(Stored data entries)
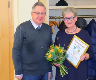 Bürgermeister Rainer Lämmerhirt überreichte ihr mit vielen Dankesworten für ihre langjährige Arbeit für die Patienten eine Ehrenurkunde der Stadt, Blumen und ein Präsent. Gemeinsam wurde mit einem Glas Sekt angestoßen und es gab viele Wünsche für die Zukunft von Frau Dr. Heiland.
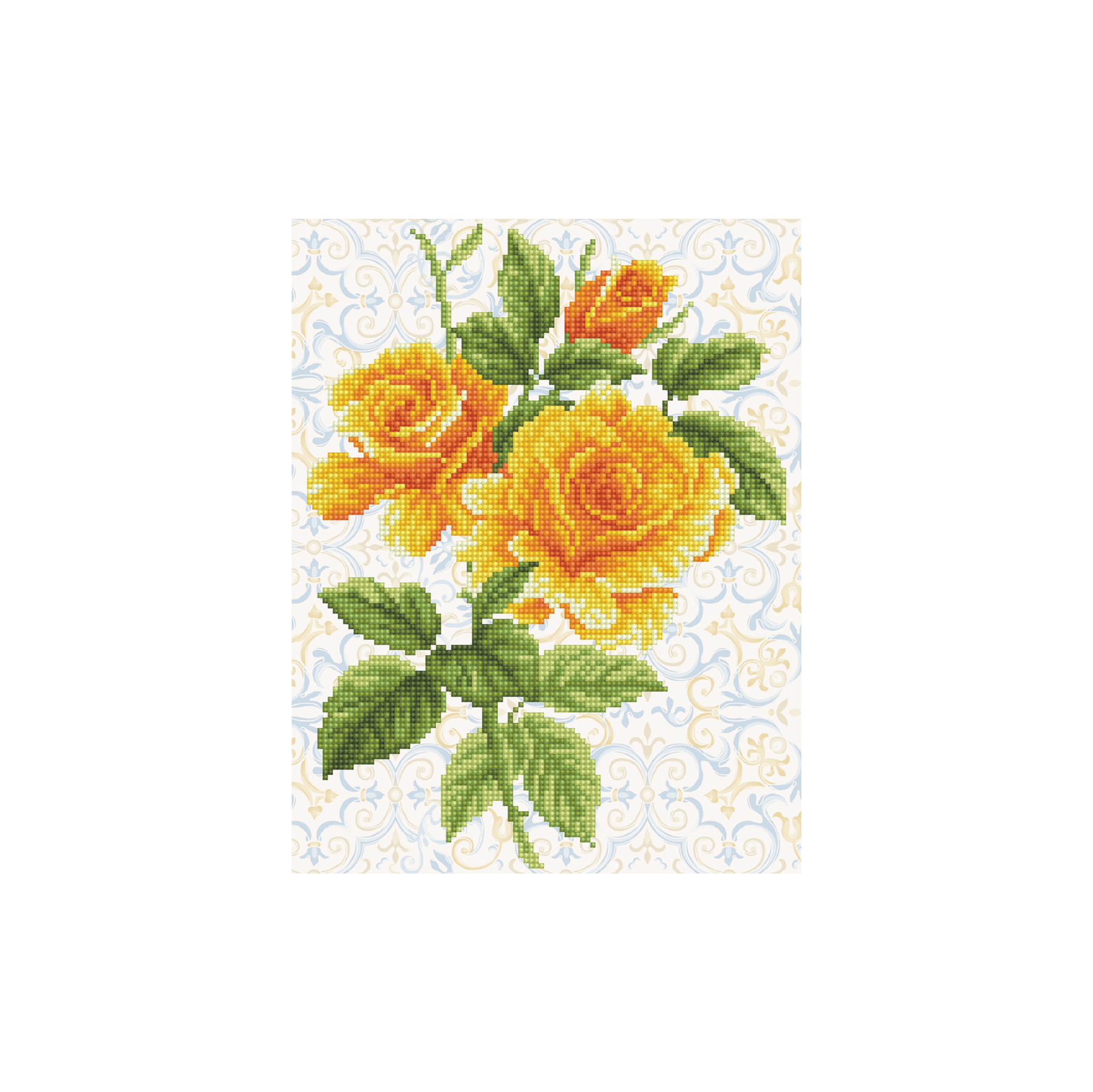 Yellow Rose Bouquet with Frame celebrates joy and friendship with a collection of glowing yellow roses. This compact flower diamond art kit features round-faceted diamonds and full-drill fabric all housed in a matching frame for instant enjoyment.
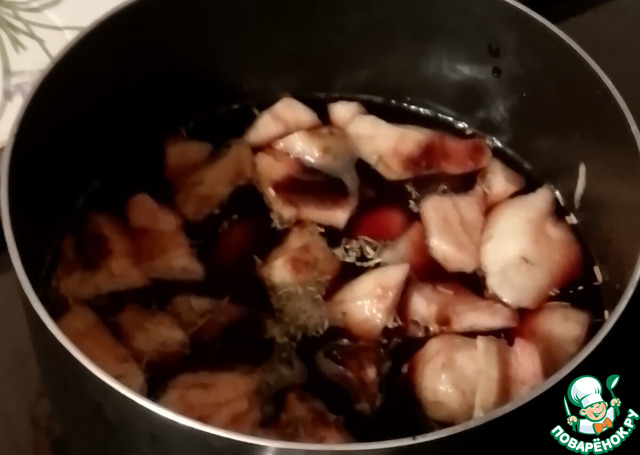 Свекла используется, наверное, потому она хорошо сочетается как с чесноком, луком и розмарином, так и с уткой.. А потом уже появляется фруктовый грушевый соус. .. По второму пункту, вы, наверное, правы. Это известный у нас в Англии метод варки- poaching, Это значит варить, чуть-чуть не доводя до кипения..Есть яйца-пашот, есть рыба-пашот. Гугл мне выдал в качестве перевода полирование. Я уже с этим определением вылезала на сайт относительно рыбы. По шапке; не получила, значит, думаю, нормально.
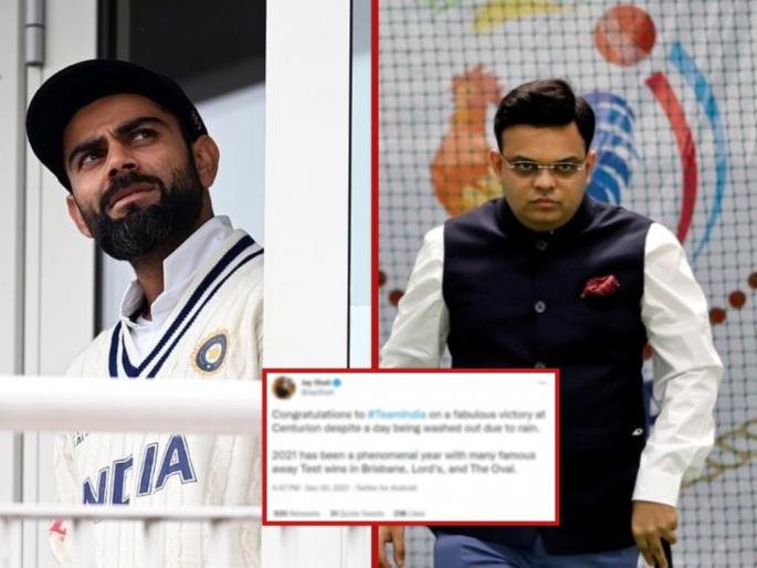 IND beat SA 1st Test: BCCI secretary Jay Shah tweet goes viral : भारतीय संघानं पहिल्या कसोटीत यजमान दक्षिण आफ्रिकेवर ११३ धावांनी विजय मिळवून तीन सामन्यांच्या मालिकेत १-० अशी आघाडी घेतली. या विजयासह भारतीय संघानं २०२१चा शेवट गोड केला अन् आफ्रिकेत पहिल्या कसोटी मालिका विजयाच्या दिशेनं दमदार पाऊल टाकलं. भारतानं विजयासाठी ठेवलेल्या ३०५ धावांच्या लक्ष्याचा पाठलाग करताना आफ्रिकेचा दुसरा डाव १९१ धावांवर गडगडला. या विजयानंतर BCCI सचिव जय शाह ( Jay Shah) यांनी टीम इंडियाचे कौतुक केलं, परंतु त्यांच्या या ट्विटमधून Virat Kohli Vs BCCI हा सामना अद्याप सुरू असल्याचे दिसले.
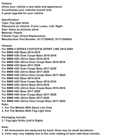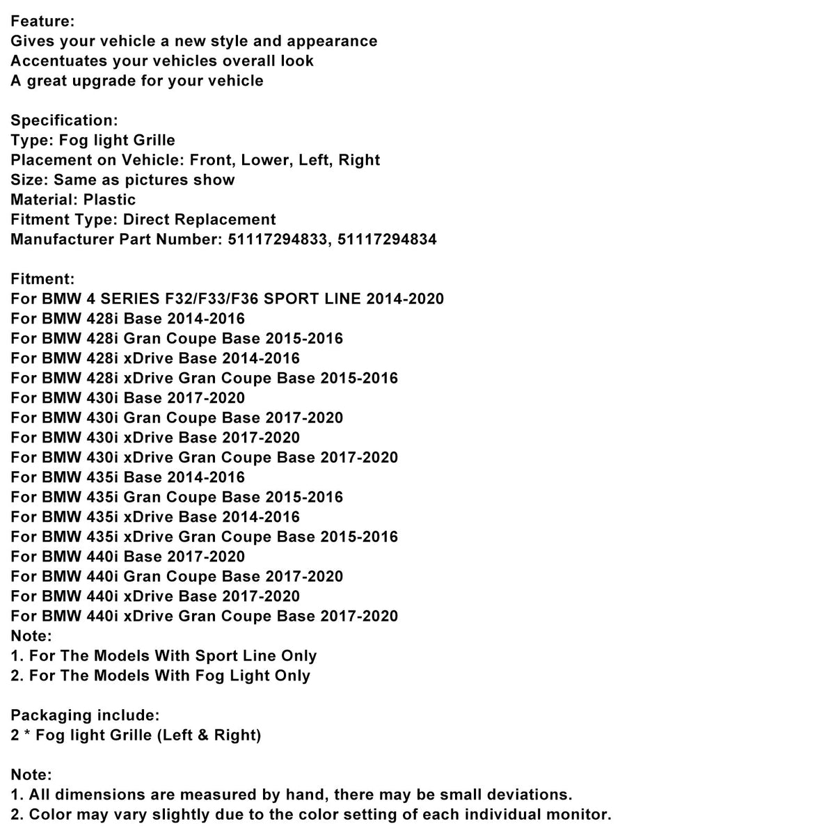Teilweise offenes Gitter Nebelscheinwerfergitter 51117294831 Passend für BMW F32 F33 F36 418D
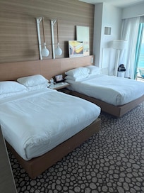 Our room was nice but not properly cleaned. There were loose peanut M&Ms scattered on the floor in the corner, which was concerning.
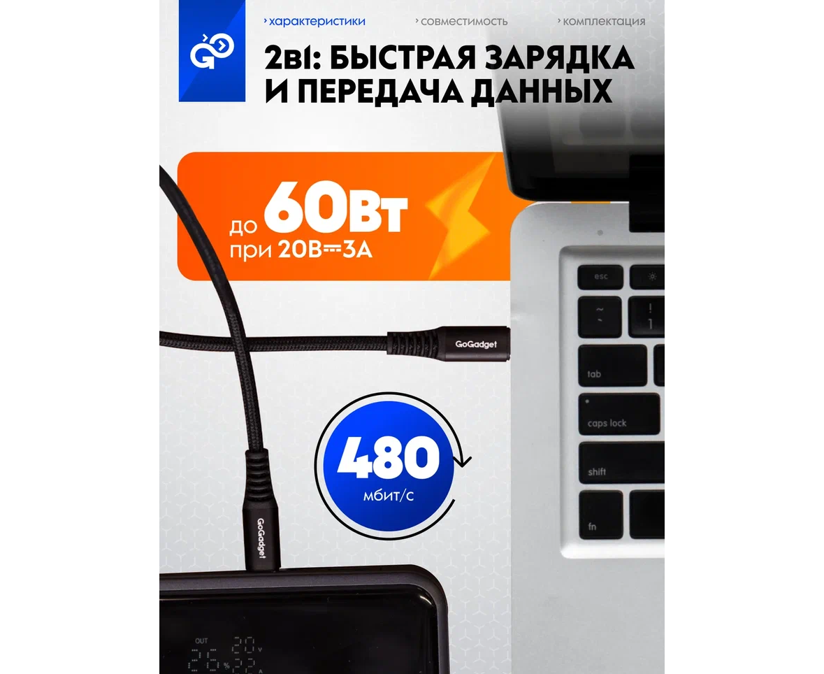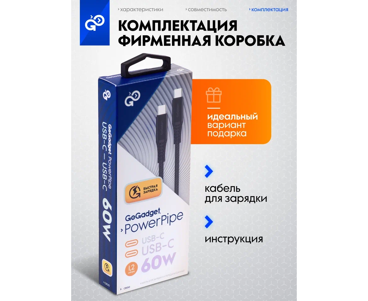 Кабель GoGadget USB-C/USB-С, до 60Вт, 3А, 1,2 м Нейлон, Черный
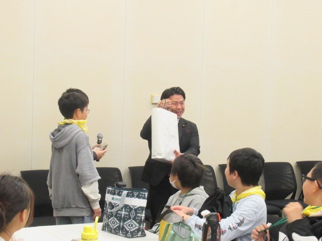 お昼ご飯は、議員会館で食べさせてもらいました。そこで紹介議員さんが質問タイムを設けてくださり、ここでも国会や国会議員の活動についていろいろと教えてくださいました。最後には6年生が袋詰めした銀杏も50袋ご購入いただき、世界の子供たちのために活動している本校の取り組みについて褒めていただきました。
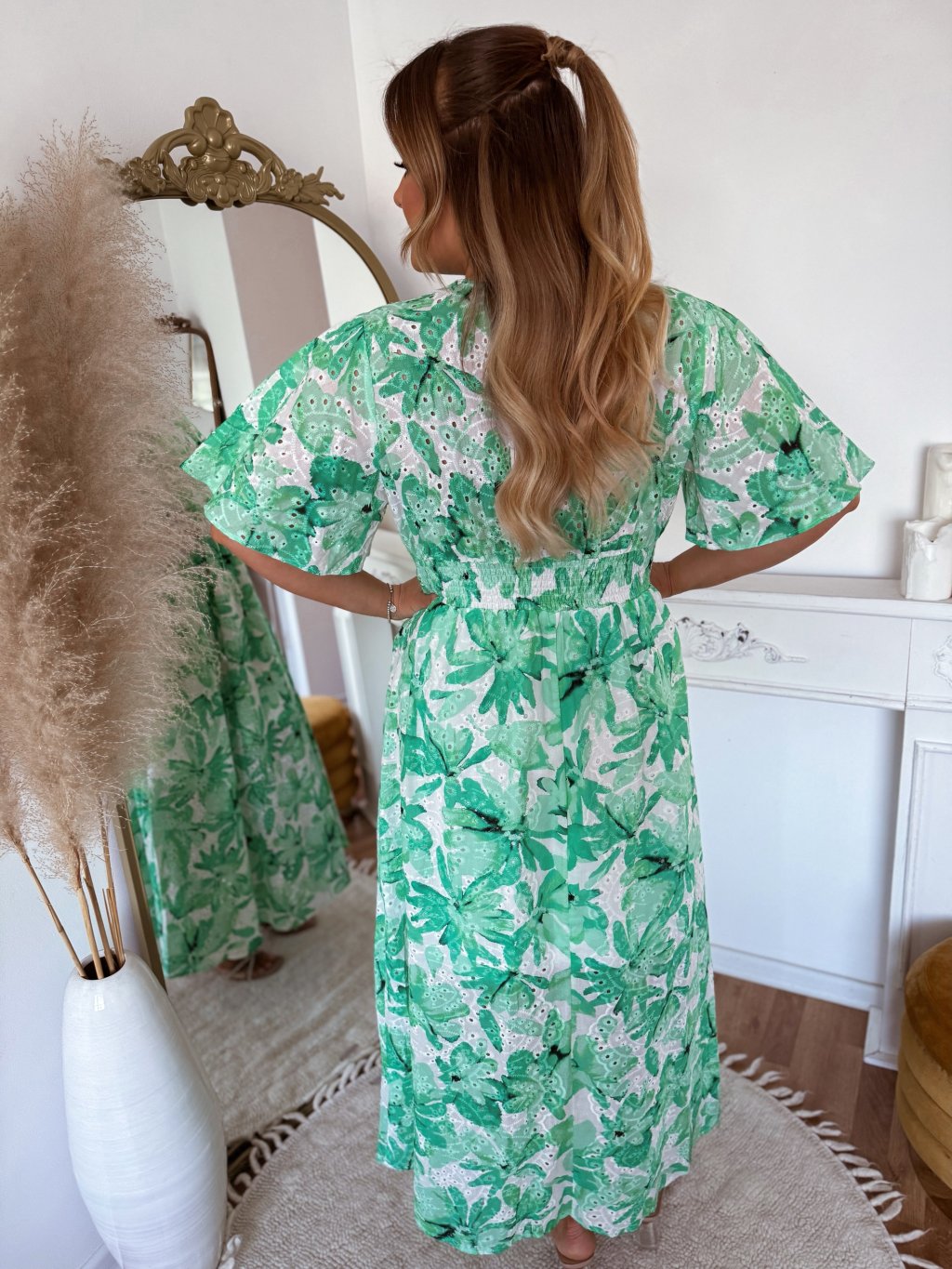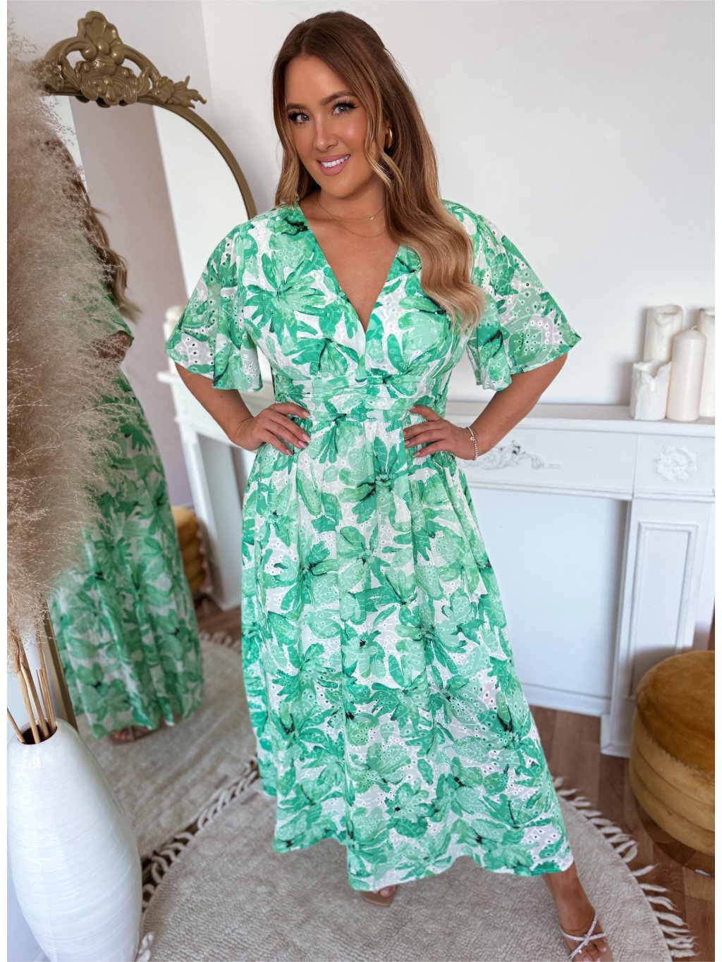 Hosszú madeira plus size ruha rövid ujjal, a ruha hátul a deréknál gumírozott, a szoknya teljesen bő szabású. A model mér 168 cm, és XL-es méretet visel.

What needs to be done »
Print every record above exactly as written, leaving out the pictures.

Response to the task »
 Bürgermeister Rainer Lämmerhirt überreichte ihr mit vielen Dankesworten für ihre langjährige Arbeit für die Patienten eine Ehrenurkunde der Stadt, Blumen und ein Präsent. Gemeinsam wurde mit einem Glas Sekt angestoßen und es gab viele Wünsche für die Zukunft von Frau Dr. Heiland.
 Yellow Rose Bouquet with Frame celebrates joy and friendship with a collection of glowing yellow roses. This compact flower diamond art kit features round-faceted diamonds and full-drill fabric all housed in a matching frame for instant enjoyment.
 Свекла используется, наверное, потому она хорошо сочетается как с чесноком, луком и розмарином, так и с уткой.. А потом уже появляется фруктовый грушевый соус. .. По второму пункту, вы, наверное, правы. Это известный у нас в Англии метод варки- poaching, Это значит варить, чуть-чуть не доводя до кипения..Есть яйца-пашот, есть рыба-пашот. Гугл мне выдал в качестве перевода полирование. Я уже с этим определением вылезала на сайт относительно рыбы. По шапке; не получила, значит, думаю, нормально.
 IND beat SA 1st Test: BCCI secretary Jay Shah tweet goes viral : भारतीय संघानं पहिल्या कसोटीत यजमान दक्षिण आफ्रिकेवर ११३ धावांनी विजय मिळवून तीन सामन्यांच्या मालिकेत १-० अशी आघाडी घेतली. या विजयासह भारतीय संघानं २०२१चा शेवट गोड केला अन् आफ्रिकेत पहिल्या कसोटी मालिका विजयाच्या दिशेनं दमदार पाऊल टाकलं. भारतानं विजयासाठी ठेवलेल्या ३०५ धावांच्या लक्ष्याचा पाठलाग करताना आफ्रिकेचा दुसरा डाव १९१ धावांवर गडगडला. या विजयानंतर BCCI सचिव जय शाह ( Jay Shah) यांनी टीम इंडियाचे कौतुक केलं, परंतु त्यांच्या या ट्विटमधून Virat Kohli Vs BCCI हा सामना अद्याप सुरू असल्याचे दिसले.
Teilweise offenes Gitter Nebelscheinwerfergitter 51117294831 Passend für BMW F32 F33 F36 418D
 Our room was nice but not properly cleaned. There were loose peanut M&Ms scattered on the floor in the corner, which was concerning.
 Кабель GoGadget USB-C/USB-С, до 60Вт, 3А, 1,2 м Нейлон, Черный
 お昼ご飯は、議員会館で食べさせてもらいました。そこで紹介議員さんが質問タイムを設けてくださり、ここでも国会や国会議員の活動についていろいろと教えてくださいました。最後には6年生が袋詰めした銀杏も50袋ご購入いただき、世界の子供たちのために活動している本校の取り組みについて褒めていただきました。
 Hosszú madeira plus size ruha rövid ujjal, a ruha hátul a deréknál gumírozott, a szoknya teljesen bő szabású. A model mér 168 cm, és XL-es méretet visel.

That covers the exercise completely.